START The data

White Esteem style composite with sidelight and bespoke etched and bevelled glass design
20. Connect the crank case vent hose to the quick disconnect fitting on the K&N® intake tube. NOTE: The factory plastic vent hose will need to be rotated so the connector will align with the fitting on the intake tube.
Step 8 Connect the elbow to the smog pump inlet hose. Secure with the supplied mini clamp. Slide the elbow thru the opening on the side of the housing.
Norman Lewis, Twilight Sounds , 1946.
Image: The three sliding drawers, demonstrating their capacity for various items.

END The data
START The data

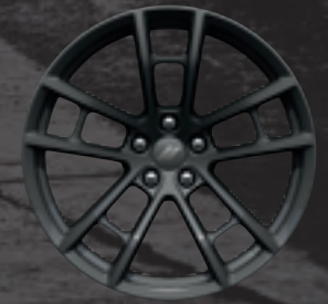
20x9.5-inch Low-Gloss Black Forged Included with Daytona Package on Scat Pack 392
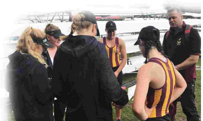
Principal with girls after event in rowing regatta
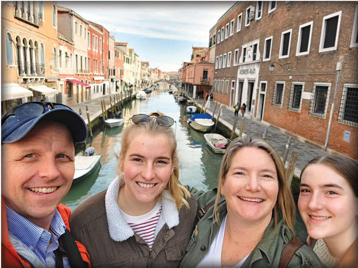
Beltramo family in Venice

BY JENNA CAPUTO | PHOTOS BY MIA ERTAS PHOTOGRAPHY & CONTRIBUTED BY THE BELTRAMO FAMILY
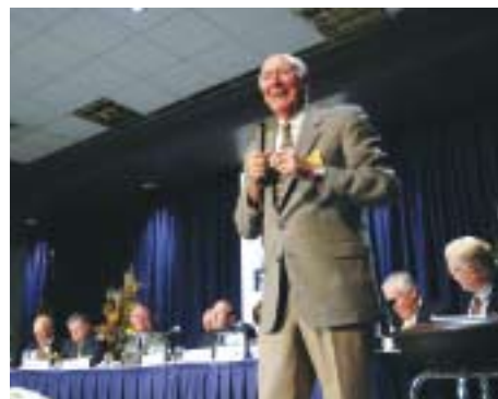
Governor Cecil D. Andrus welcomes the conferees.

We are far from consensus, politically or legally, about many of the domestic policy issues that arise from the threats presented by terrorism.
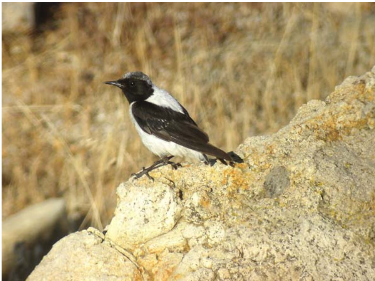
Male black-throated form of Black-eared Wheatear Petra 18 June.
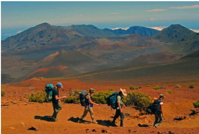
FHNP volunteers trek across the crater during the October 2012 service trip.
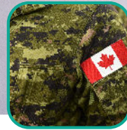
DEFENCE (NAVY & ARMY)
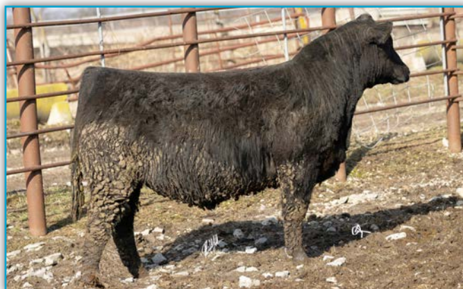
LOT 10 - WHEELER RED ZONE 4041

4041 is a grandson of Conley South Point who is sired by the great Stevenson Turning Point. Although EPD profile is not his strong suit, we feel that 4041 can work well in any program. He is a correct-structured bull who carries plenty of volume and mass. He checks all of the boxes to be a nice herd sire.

END The data

Exercise goal –
Using the entries, return every line where the word "Connect" can be found.

Expected answer –
20. Connect the crank case vent hose to the quick disconnect fitting on the K&N® intake tube. NOTE: The factory plastic vent hose will need to be rotated so the connector will align with the fitting on the intake tube.
Step 8 Connect the elbow to the smog pump inlet hose. Secure with the supplied mini clamp. Slide the elbow thru the opening on the side of the housing.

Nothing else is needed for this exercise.